● **WHAT THIS TASK INVOLVES**: Take the line containing "Plus Size Womens" and every line after it to the end of the material below; reproduce them exactly, without pictures.

### RECORDS FOR THE TASK ###

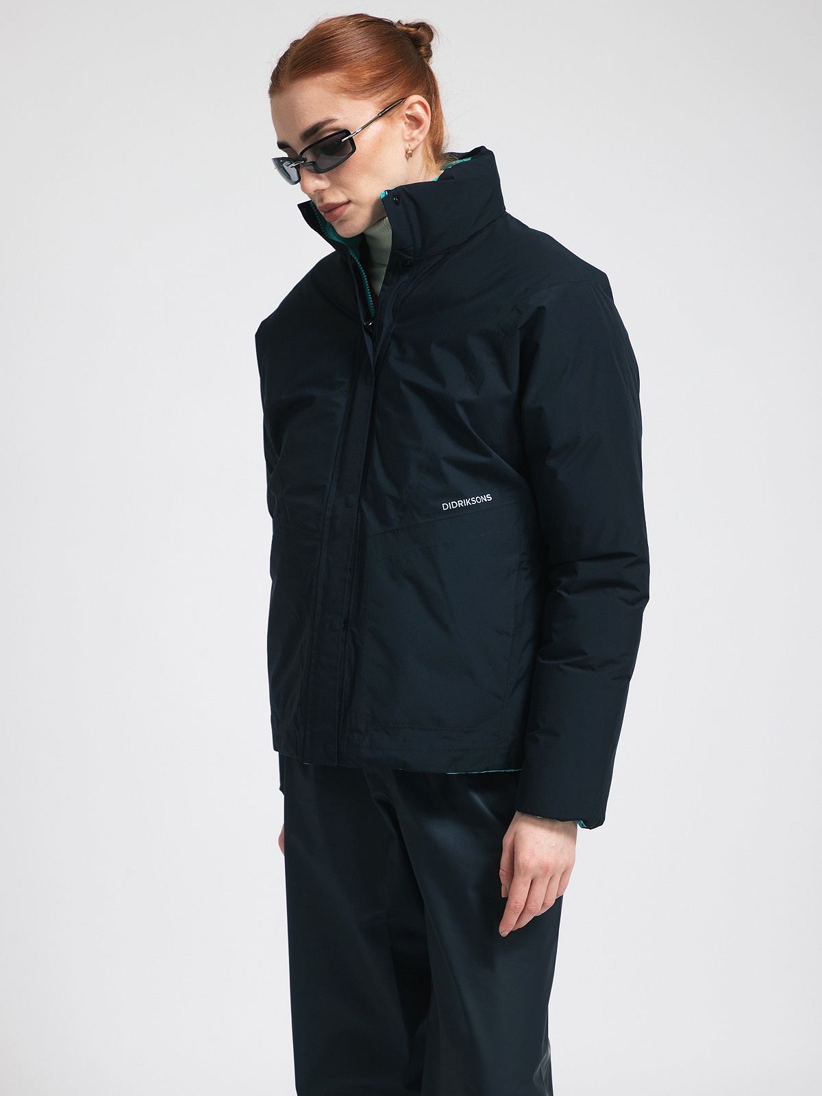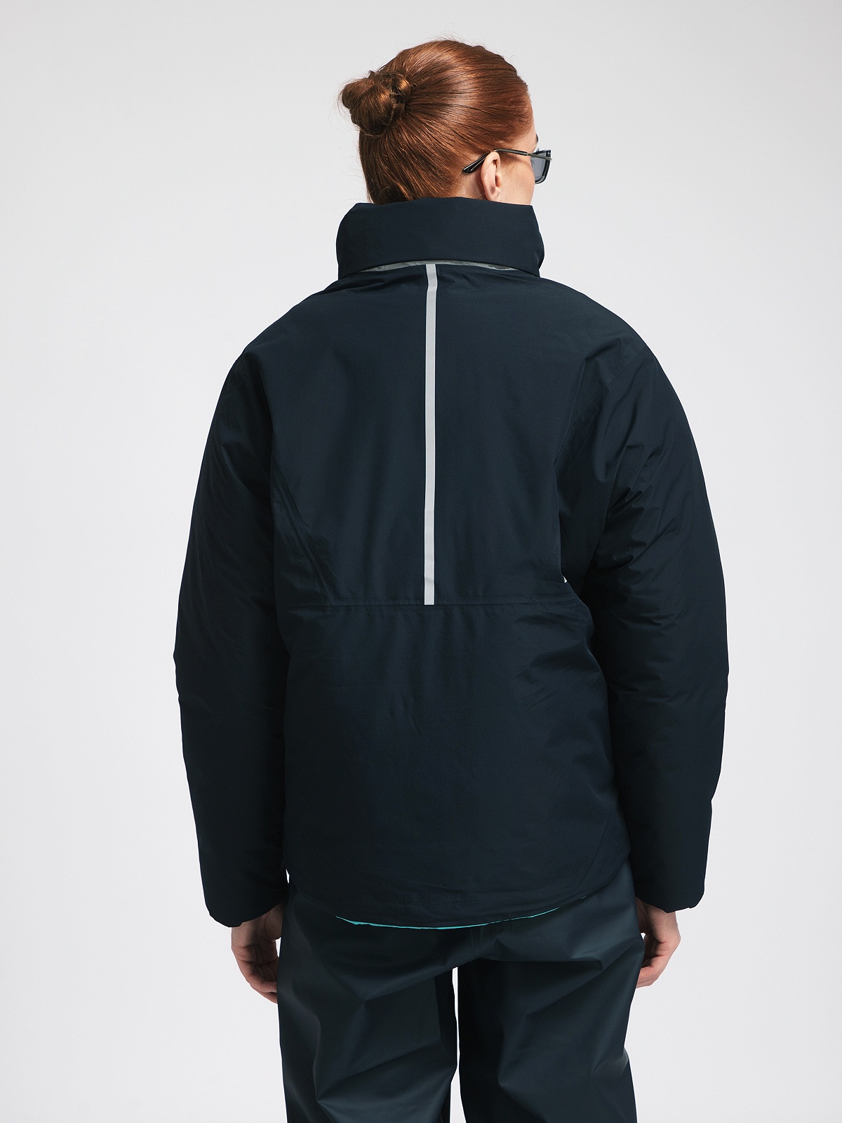 Kai striukė dėvima lygia puse į išorę, ji yra “oversized fit”. Striukės apačia reguliuojamo siaurumo, paminkštintoje pusėje striukė turi viso ilgio priekinį užtrauktuką su apsauginiu atvartu, lygioje pusėje ji užsegamą saga.
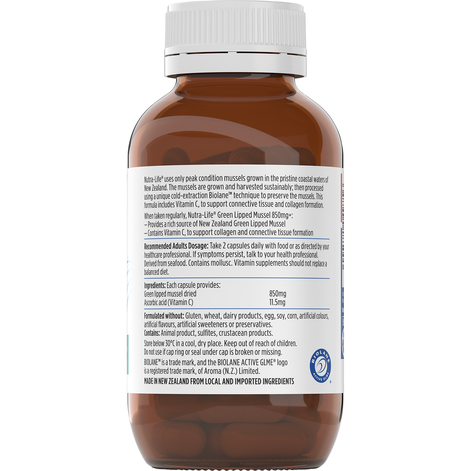 Nutra-Life® uses only peak condition mussels grown in the pristine coastal waters of New Zealand. The mussels are grown and harvested sustainably; then processed using a unique cold-extraction Biolane™ technique to preserve the mussels. This formula includes Vitamin C, to support connective tissue and collagen formation.
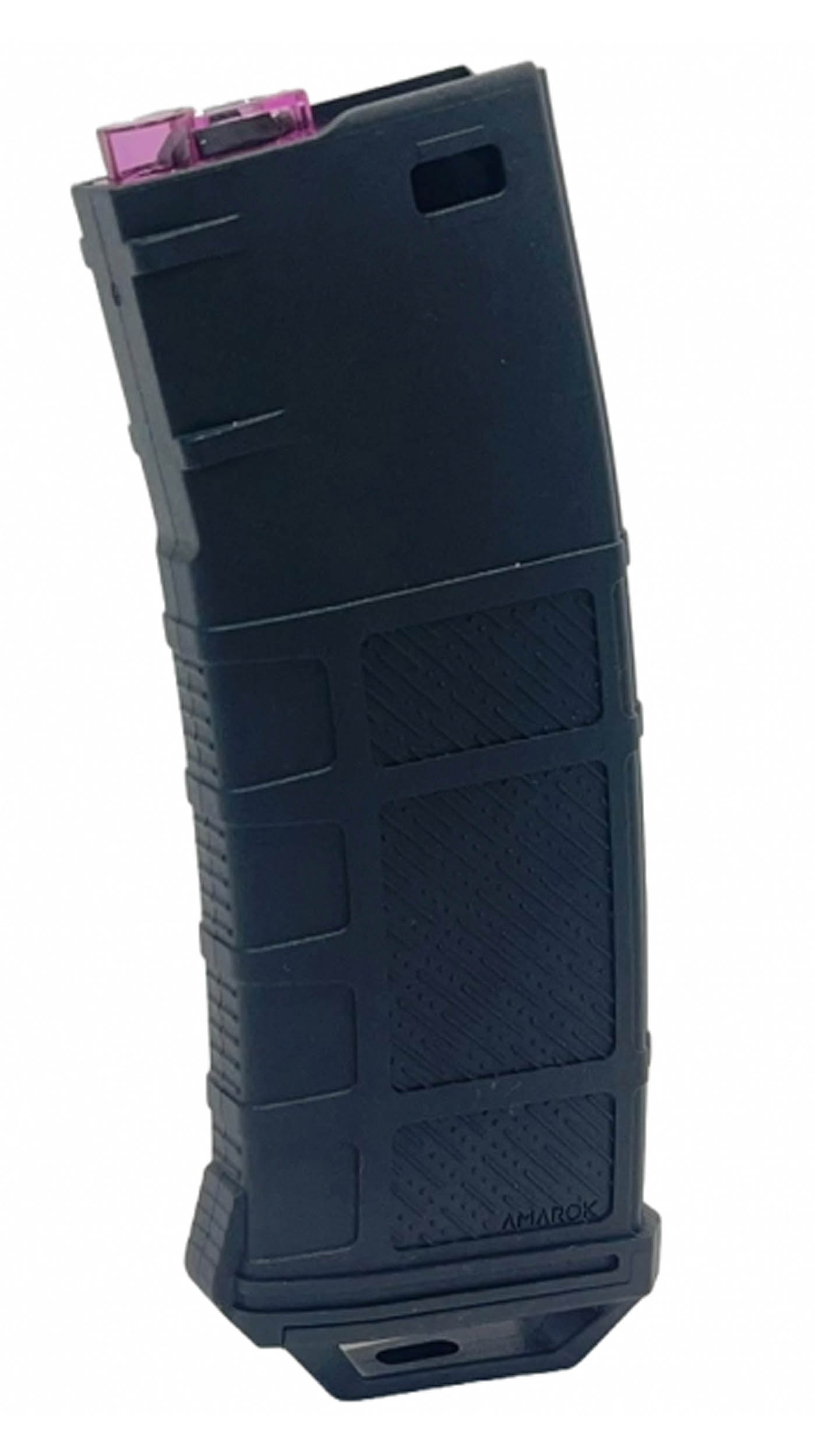 Contexte : AMAROK, chargeur airsoft, AM250, 250 billes, Type A, Mid Cap, M4, M16, AEG, HPA, polymère, ressort haute tension, grip antidérapant, réplique airsoft, accessoire airsoft
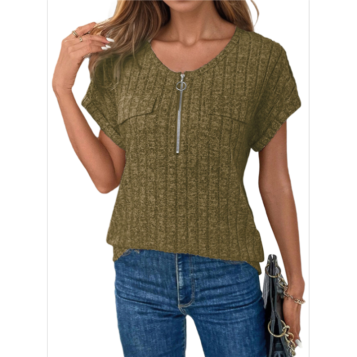 Plus Size Womens Tops 1/4 Zip Up Short Sleeve Tunics
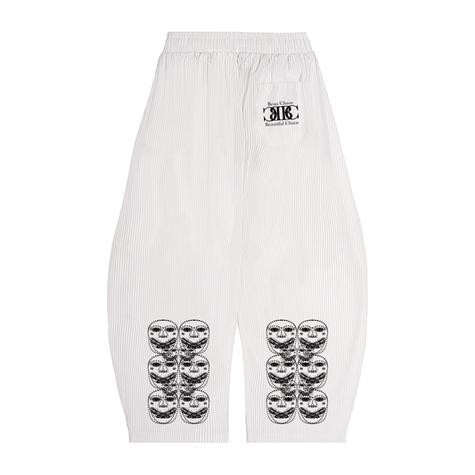 Beau Chaos Unisex "Name, Face Phase 2 & 3" Logo Vertical Stripe Drawstring Barrel Pants
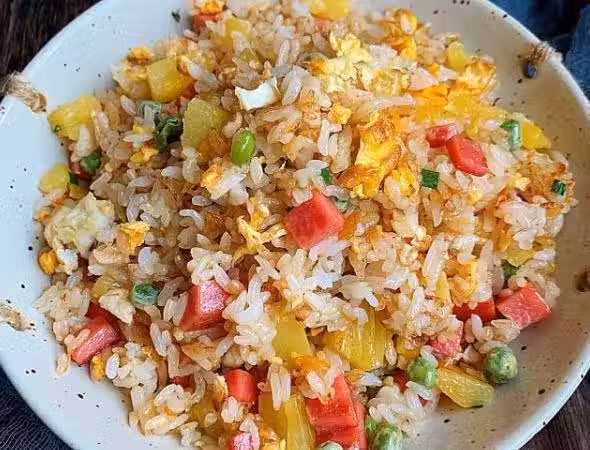 菠蘿也能吃出來花樣,跟剩米飯一炒,酸甜開胃
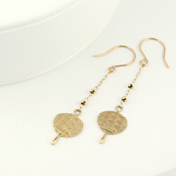 うちわ ゴールド ピアス 2P 両耳用 K10 フック ゴールドピアス 団扇 夏祭り 浴衣 着物 10金 10k チェーン 揺れる...

###

● **SOLUTION TO THE PROBLEM**:
 Plus Size Womens Tops 1/4 Zip Up Short Sleeve Tunics
 Beau Chaos Unisex "Name, Face Phase 2 & 3" Logo Vertical Stripe Drawstring Barrel Pants
 菠蘿也能吃出來花樣,跟剩米飯一炒,酸甜開胃
 うちわ ゴールド ピアス 2P 両耳用 K10 フック ゴールドピアス 団扇 夏祭り 浴衣 着物 10金 10k チェーン 揺れる...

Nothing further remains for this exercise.